この家の特色のひとつは、等身大のマネキンである。特に、
燕尾服を着た執事風のマネキンがひとつキッチンの近くに
立っている。キッチンは大きく、個人の家というより、
レストランの調理室のようだ。でも、作りのしっかりした
ダイニングテーブルのお陰で、他の場所より歓迎ムードが
漂っている―白いカーペットを敷いて、白いピアノが置かれた、
過剰に装飾されたリビングルームや、皮装丁の本の匂いで
満ちた書斎よりも。

書斎について聞いたとき、「僕は短編小説が好きなんだ。」
という。好きな作家として、「サマーセットモーム、
ホイットマン、ヘミングウェイ、トウェイン。」の名を挙げた。

キッチンから少し離れた壁には、フレーム入りの少年の写真
―マイケルのスキャンダルとつながる少年たちの一人―
3枚が一面に飾ってあった: カリフォルニアの裏庭であどけ
なく笑っている。

大きなゲーム室は邸宅のうしろの別棟にしつらえてある。
ピンボールマシーン、射的場、ビデオゲーム、仕掛けのある
乗り物。

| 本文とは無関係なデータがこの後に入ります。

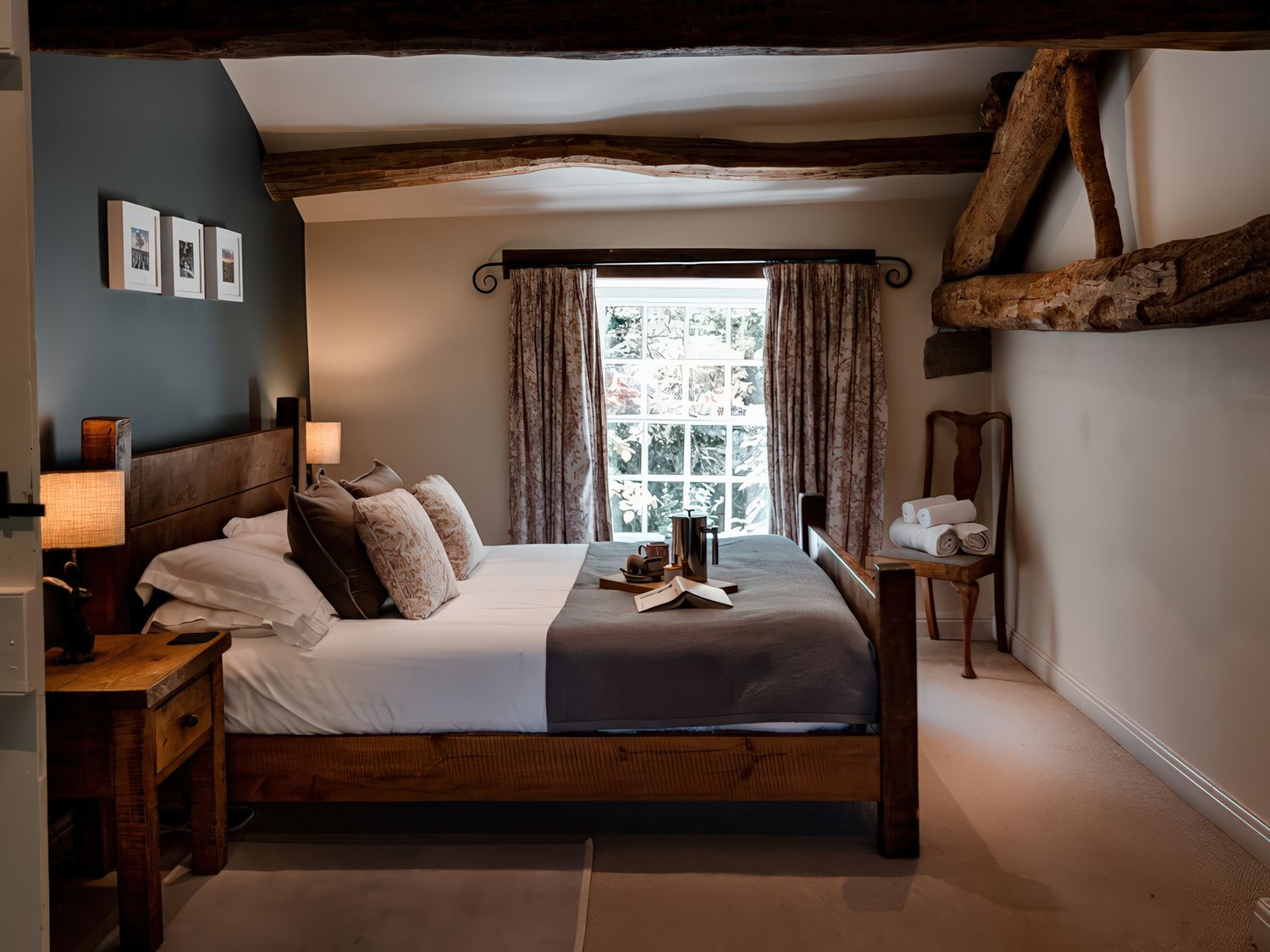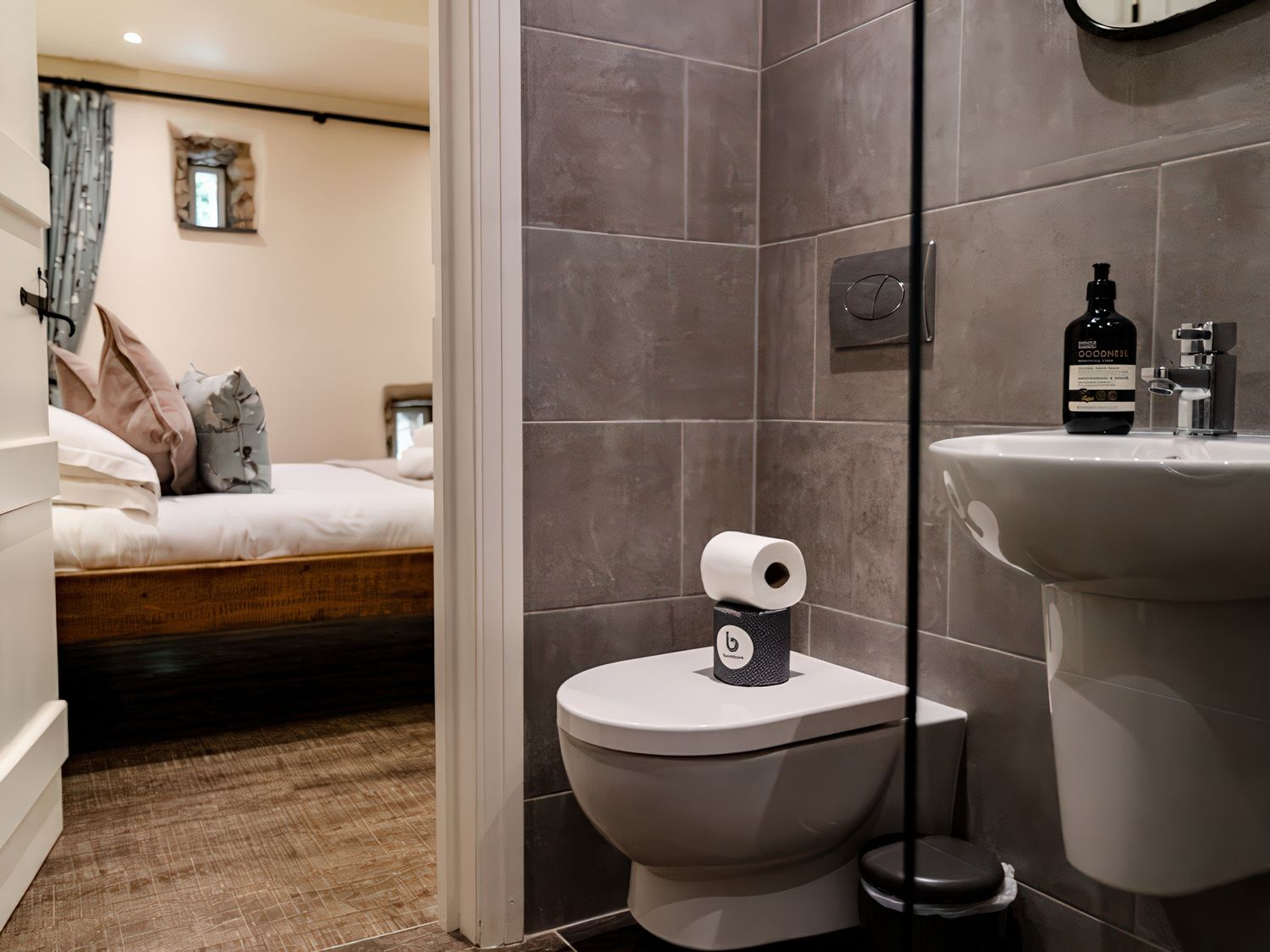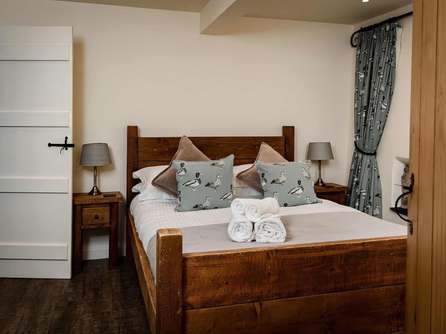 "Over two floors. Six bedrooms; 1 x king-size, 1 x king size, 1 x four poster king-size bed, 1 x ground-floor king-size with en-suite bathroom with waterfall shower, 1 x double with ensuite, 1 x twin. Bathroom with bath, separate walk-in shower, basin and WC. Ground-floor bathroom, with bath and shower over, basin and WC. Kitchen. Sitting room with woodburner. Dining room with woodburner. Snug. Utility. "
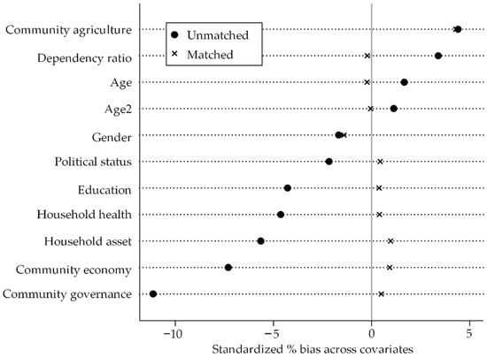 As the sample size tracked from 2011 to 2019 is too sparse, it is difficult to conduct an acceptable parallel trend test in this study. DID matching estimators are an extension of traditional regression approaches and of the combination of the DID model with the propensity score matching and are helpful to avoid parametric assumptions about the relationship between the dependent variables and the covariates (i.e., ) [,,,,,,,]. Therefore, this paper applies the DID matching estimators to make it easier for individuals in the treatment and control groups to have the same time-trend under the given covariates. Then, we designate land certification as the processing variable. and agricultural entrepreneurship as the outcome variable. In this part of the matching process, this study applies logistic regression to calculate the propensity score, based on the nearest-neighbor matching estimator, weighting the control group according to their similarity to the treatment group, where similarity is based on .
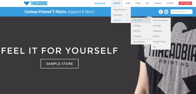Threadbirdのナビゲーションは、この効果を実践している素晴らしい例です。
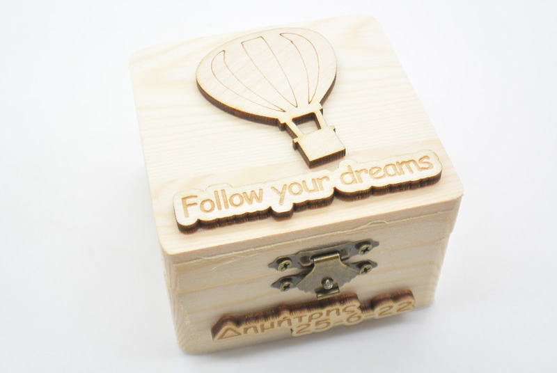 Ξύλινο κουτί μπομπονιέρα αερόστατο. Πάνω στο κουτάκι υπάρχει χαραγμένη η φράση ¨Φτάσε όπου δεν μπορείς¨ και στη βάση το όνομα του μωρού και η ημερομηνία βάπτισης. Διάσταση 8 x 8 x 5 cm.
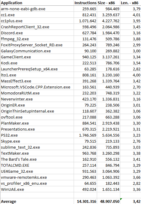 Unfortunately, it is all the other cases that remain that raise the bar, until we reach the 3.42 byte average instruction length, which is still a flattering result, for which x86 is also famous (it has a good code density, in fact).
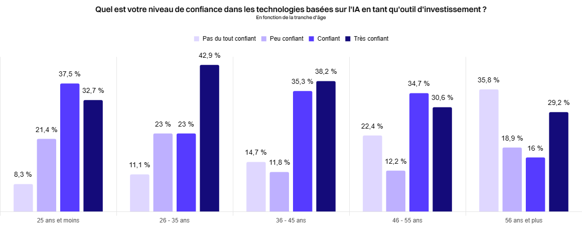 - 42,9 % des français entre 26 et 35 ans et 38,2 % des 36 à 45 ans expriment la plus grande confiance envers l'IA en tant qu'outil d'investissement ;
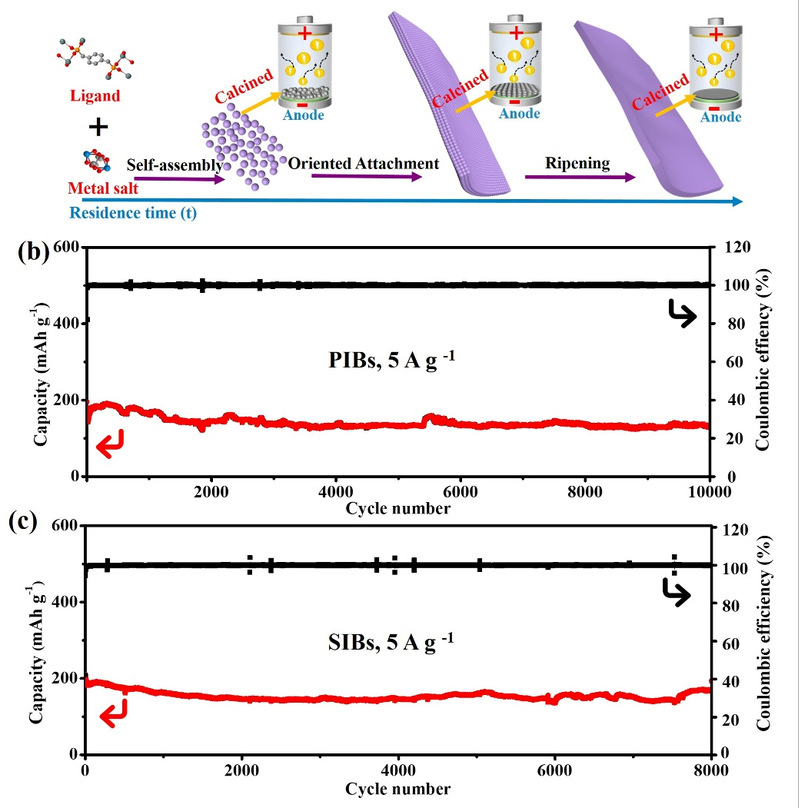 近日,齐鲁工业大学(山东省科学院)材料科学与工程学部氢电能源材料创新团队基于MOF晶体生长过程中颗粒附着晶化(Crystallization by Particle Attachment,CPA)机制,利用MOF的自组装超结构作为模板,开发出应力分散的超结构Sn3(PO4)2@PC作为长寿命的钾/钠离子电池负极材料。
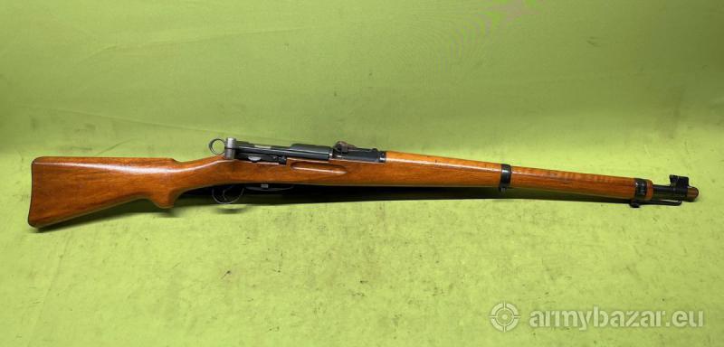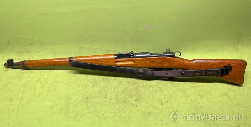 Popis: Oferowany karabinek jest praktycznie jak nowy, choć wyprodukowany w roku 1941. Wyjątkowo ładny egzemplarz - najładniejszy jaki widzieliśmy do tej pory. Zgodny numerycznie i w oryginalnej oksydzie. Osada bez większych zarysowań z widocznymi puncami i w pięknym oryginalnym wykończeniu. Lufa idealna - lustro. Pod trzewikiem kolby nadal znajduje się karteczka z danymi żołnierza, któremu przydzielono ten karabinek. Brak puncy "P" świadczy o tym, że broni nigdy nie sprywatyzowano lecz sprzedano bezpośrednio z zasobów Armii Szwajcarskiej. Takie egzemplarze zdarzają się bardzo rzadko. W komplecie oryginalny pas nośny wyprodukowany w 1938 roku oraz zapiaszczacz.
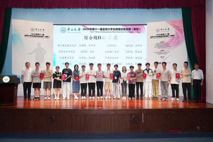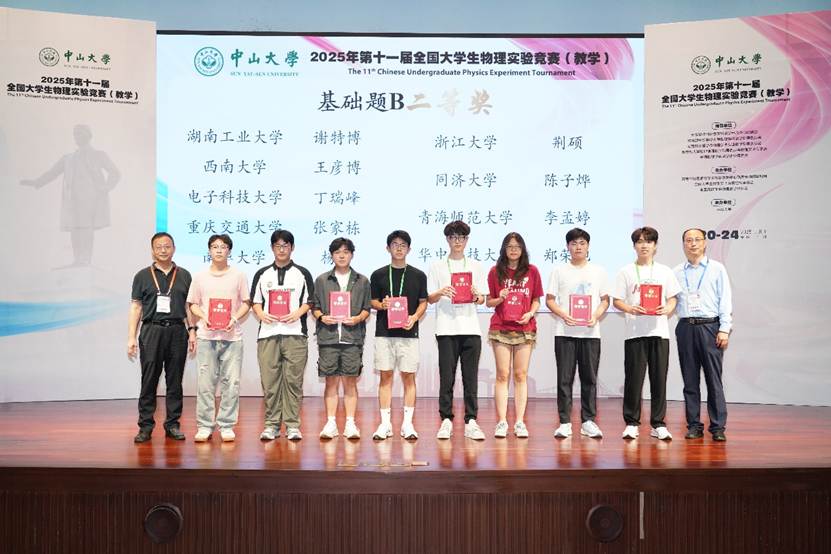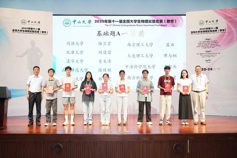 7月20日至24日,第十一届全国大学生物理实验竞赛(教学)在中山大学广州校区和珠海校区举办。国家级物理实验教学示范中心、教育部物理学基础学科拔尖学生培养计划2.0基地、国家理科基础科学研究和教学人才培养基地物理学专业点、国家工科基础课程物理教学基地所属高校及第九届、第十届全国大学生物理实验竞赛(创新)获奖高校共120所高校参加竞赛,参赛学生400余人。太阳城集团官方网站参赛队伍由2023级本科生陆昱霏、陈子烨及2022级本科生李乐暄、王筱涵4名学生组成,蒋涵文老师担任领队。经过激烈角逐,太阳城集团官方网站代表队在广州赛区斩获一等奖1项、二等奖2项,全员获奖。太阳城集团官方网站荣获优秀组织奖。同时,陆昱霏以基础题A赛道第一的优异成绩荣获“最佳队员”称号,并作为最佳选手代表在闭幕式上发言。
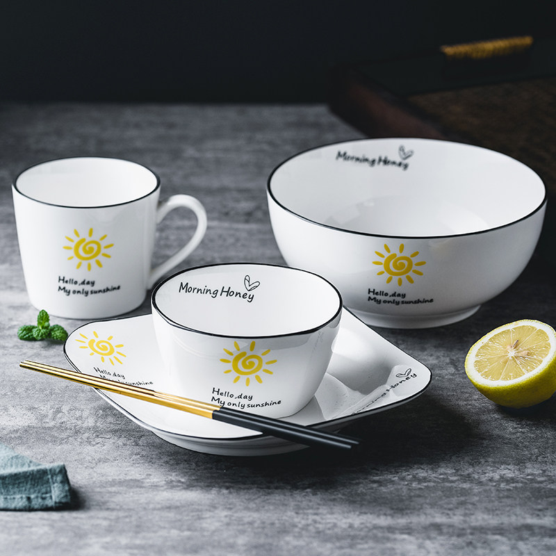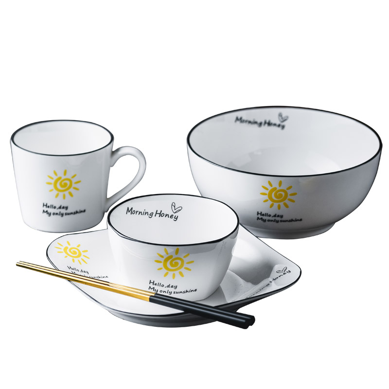 📚 碗筷套装单人一套精致餐具一人食创意情侣2人碗碟家用简约小清新
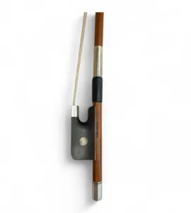 Arco de Pernambuco, vara redonda o octagonal, talón de ébano montado en plata con ojo parís, guarnición de plata, punta de hueso, cerdal natural, estampado Anton Wolf

コインの差込口はあるものの、もちろんただ。
いつまでも自由に遊べるのは、子供たちの夢。音楽もベルの
音も、ゴングや点滅する明かりも。

ゲームのひとつ、ビースト・バスターズはことのほか
魅力的だった。

長い電話のインタビューで、このよく使われているゲーム室
について質問した。「ぼくはビデオゲームが好きなんだ。
X-men。ピンボール。ジュラシックパーク。格闘技のモータル
コンバット。」

ビースト・バスターズについて、「すごいだろ。だけど、
暴力的過ぎるかもね。ツアーにもたいていいくつか持って
いくんだ。」「でも、0.5トンもあるビデオゲーム機は
重すぎませんか?」「ツアーは2機の貨物機で行くからね。」

私はマイケルに質問した。3人の子供たちに芸能人になること
を勧めるかどうかと。「みな好きなことをやればいい。
子供たちがなりたければ、それでいいさ。」
しかし、さらに詳しく聞くと、マイケルは自分が育った環境
とは異なるように子供たちを育てるつもりだと、言った。